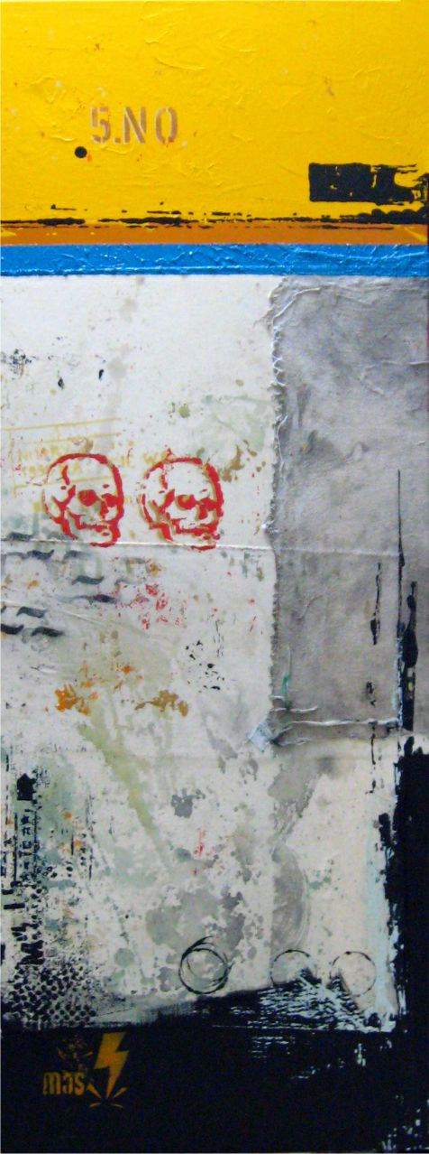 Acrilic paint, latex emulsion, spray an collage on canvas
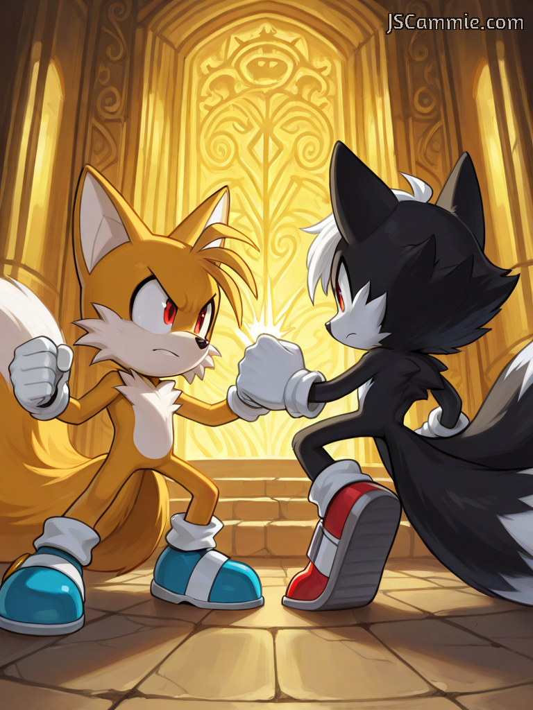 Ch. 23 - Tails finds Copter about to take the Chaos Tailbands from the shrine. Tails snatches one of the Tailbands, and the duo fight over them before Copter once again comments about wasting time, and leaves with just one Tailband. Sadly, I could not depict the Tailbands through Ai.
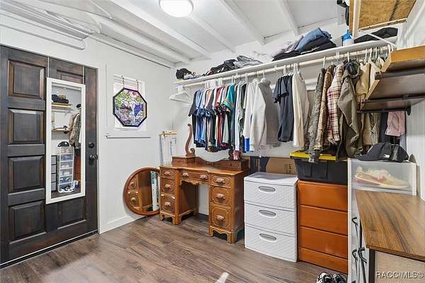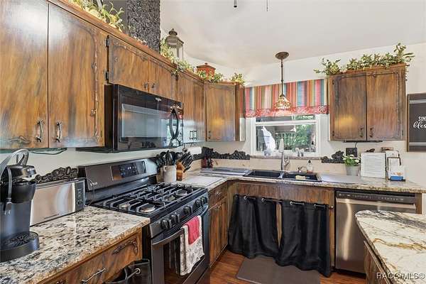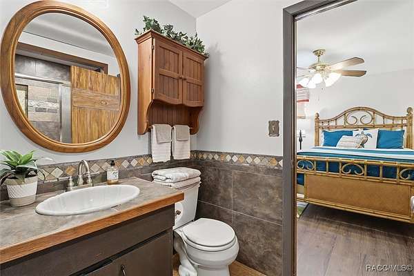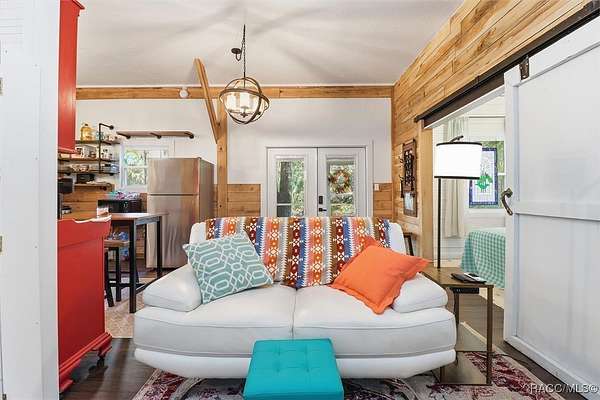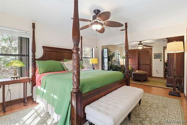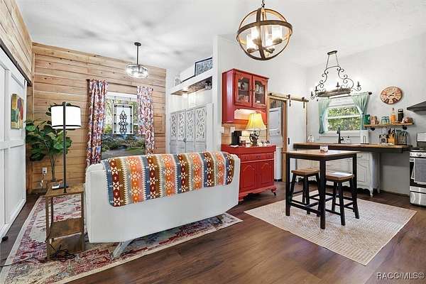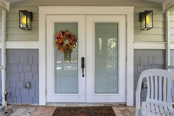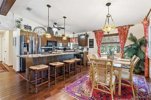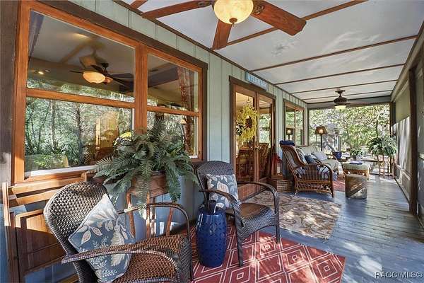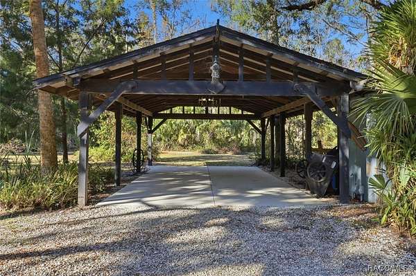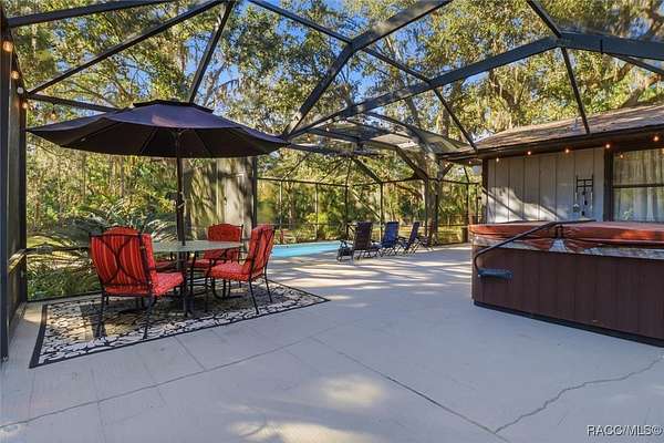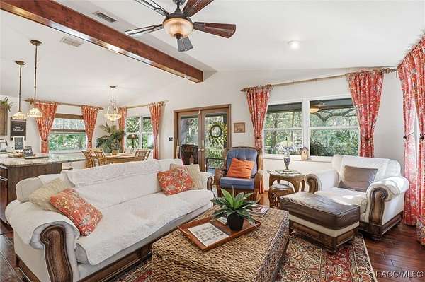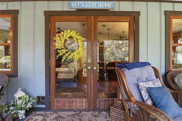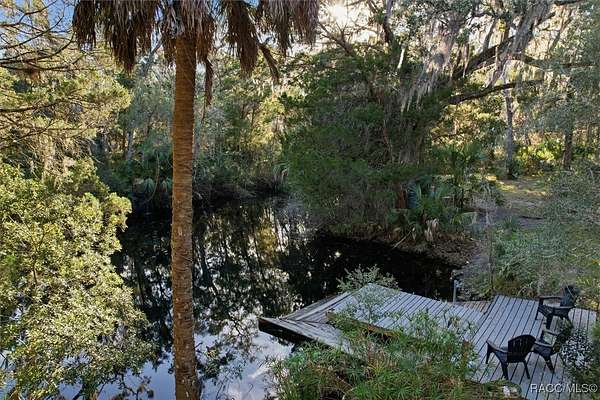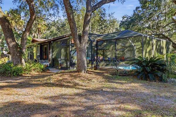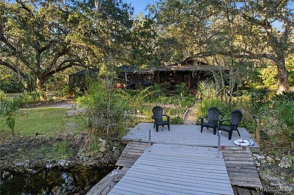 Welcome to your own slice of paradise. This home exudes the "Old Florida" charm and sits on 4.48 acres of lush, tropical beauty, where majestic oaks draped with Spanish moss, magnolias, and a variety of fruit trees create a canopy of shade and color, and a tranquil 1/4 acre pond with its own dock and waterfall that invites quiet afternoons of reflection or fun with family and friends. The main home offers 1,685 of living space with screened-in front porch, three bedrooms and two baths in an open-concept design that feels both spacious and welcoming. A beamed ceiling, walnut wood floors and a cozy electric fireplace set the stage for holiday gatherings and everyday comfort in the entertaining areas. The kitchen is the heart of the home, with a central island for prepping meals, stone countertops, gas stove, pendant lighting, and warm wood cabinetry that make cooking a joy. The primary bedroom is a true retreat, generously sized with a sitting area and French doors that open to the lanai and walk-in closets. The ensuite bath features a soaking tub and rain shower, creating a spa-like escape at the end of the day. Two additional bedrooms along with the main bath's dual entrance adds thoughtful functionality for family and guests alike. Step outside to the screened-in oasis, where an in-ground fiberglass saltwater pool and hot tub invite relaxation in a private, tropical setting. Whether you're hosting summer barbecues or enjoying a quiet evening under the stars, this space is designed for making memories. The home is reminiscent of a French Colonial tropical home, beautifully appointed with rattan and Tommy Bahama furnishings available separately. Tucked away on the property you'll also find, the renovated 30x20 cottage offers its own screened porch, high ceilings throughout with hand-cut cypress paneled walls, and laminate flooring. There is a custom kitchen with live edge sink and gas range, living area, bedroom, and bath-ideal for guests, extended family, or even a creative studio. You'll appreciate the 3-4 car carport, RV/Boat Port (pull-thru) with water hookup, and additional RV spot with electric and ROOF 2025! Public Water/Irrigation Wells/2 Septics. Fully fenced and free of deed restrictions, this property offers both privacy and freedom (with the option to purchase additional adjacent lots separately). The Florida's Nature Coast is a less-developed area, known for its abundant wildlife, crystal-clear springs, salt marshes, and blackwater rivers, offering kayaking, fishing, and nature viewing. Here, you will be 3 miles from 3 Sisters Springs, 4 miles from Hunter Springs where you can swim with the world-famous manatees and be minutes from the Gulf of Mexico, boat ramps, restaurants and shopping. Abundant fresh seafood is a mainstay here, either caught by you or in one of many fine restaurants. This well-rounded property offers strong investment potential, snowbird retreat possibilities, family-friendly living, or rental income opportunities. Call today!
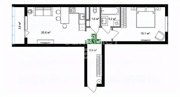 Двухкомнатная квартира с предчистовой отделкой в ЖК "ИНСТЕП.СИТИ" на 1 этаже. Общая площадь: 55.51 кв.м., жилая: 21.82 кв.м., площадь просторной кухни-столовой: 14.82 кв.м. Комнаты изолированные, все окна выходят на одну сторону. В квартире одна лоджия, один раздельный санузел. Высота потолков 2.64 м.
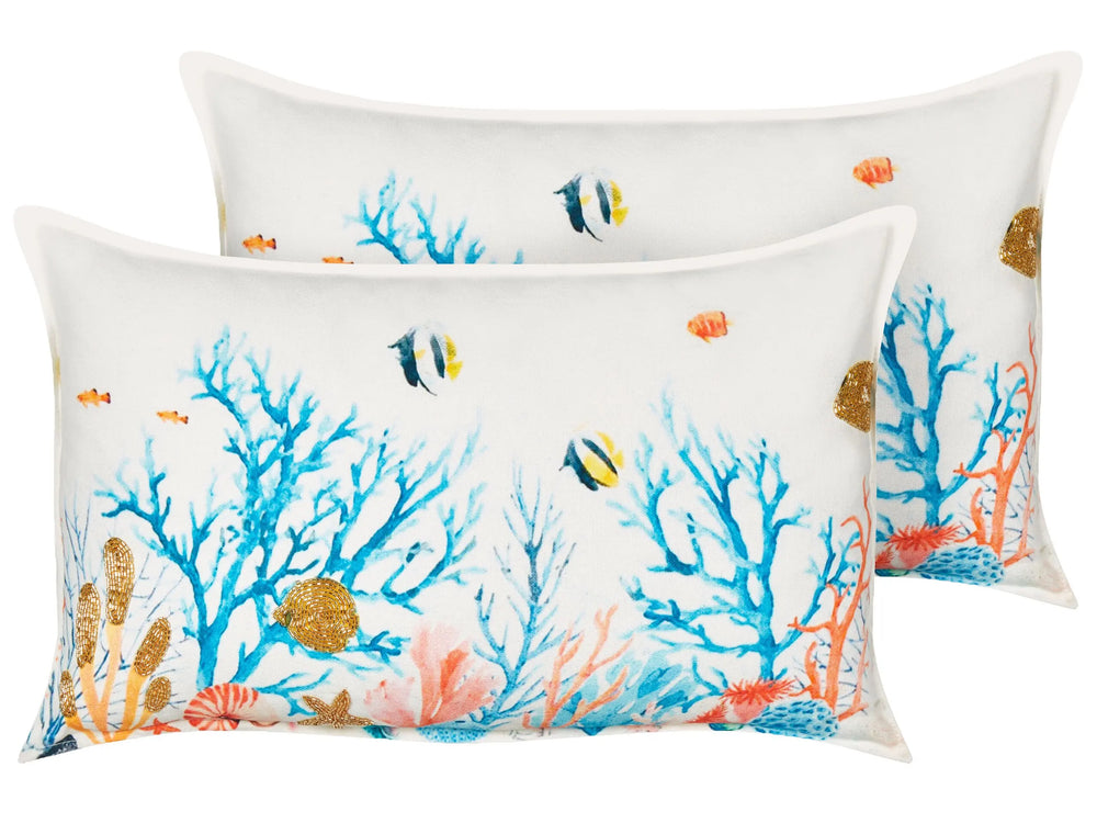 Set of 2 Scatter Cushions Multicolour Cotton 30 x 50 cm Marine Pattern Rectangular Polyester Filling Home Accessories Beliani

# # # # #

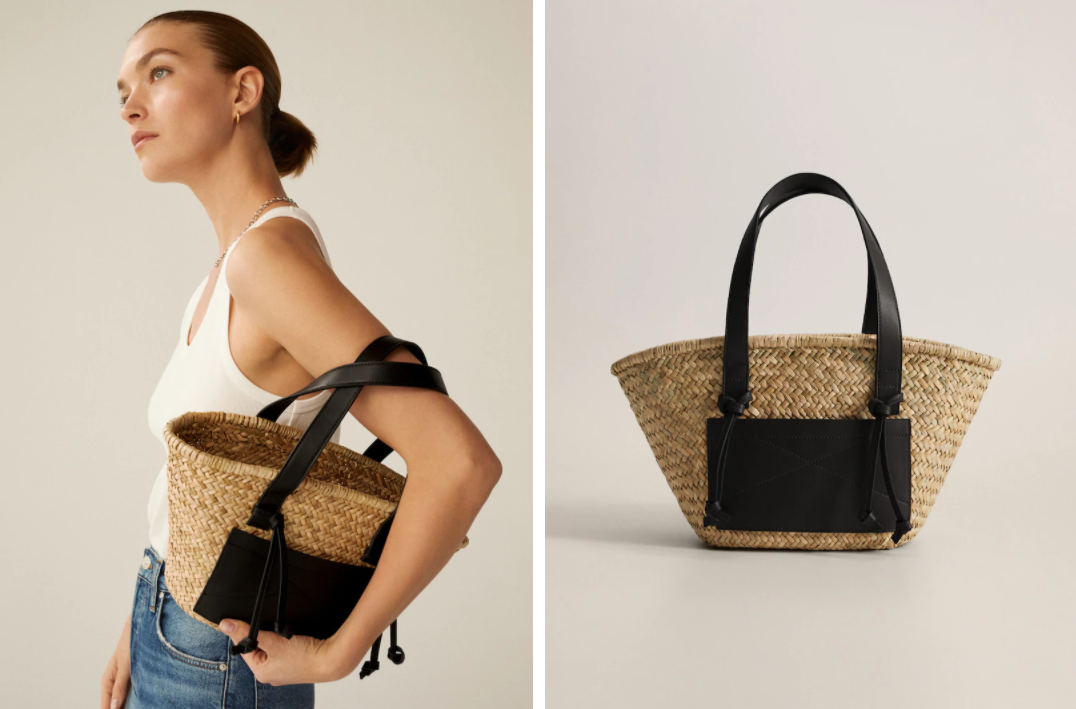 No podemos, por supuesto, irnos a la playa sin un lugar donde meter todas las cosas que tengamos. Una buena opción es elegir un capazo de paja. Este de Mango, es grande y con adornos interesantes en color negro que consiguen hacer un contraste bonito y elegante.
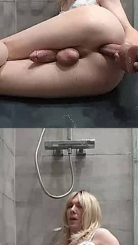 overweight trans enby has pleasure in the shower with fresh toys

# # # # #

## Directions for this task
Using the records above, print exactly the run of lines that starts with the line with "No podemos, por" and goes on through the line with "overweight trans enby", pictures excluded.

## Your solution
 No podemos, por supuesto, irnos a la playa sin un lugar donde meter todas las cosas que tengamos. Una buena opción es elegir un capazo de paja. Este de Mango, es grande y con adornos interesantes en color negro que consiguen hacer un contraste bonito y elegante.
 overweight trans enby has pleasure in the shower with fresh toys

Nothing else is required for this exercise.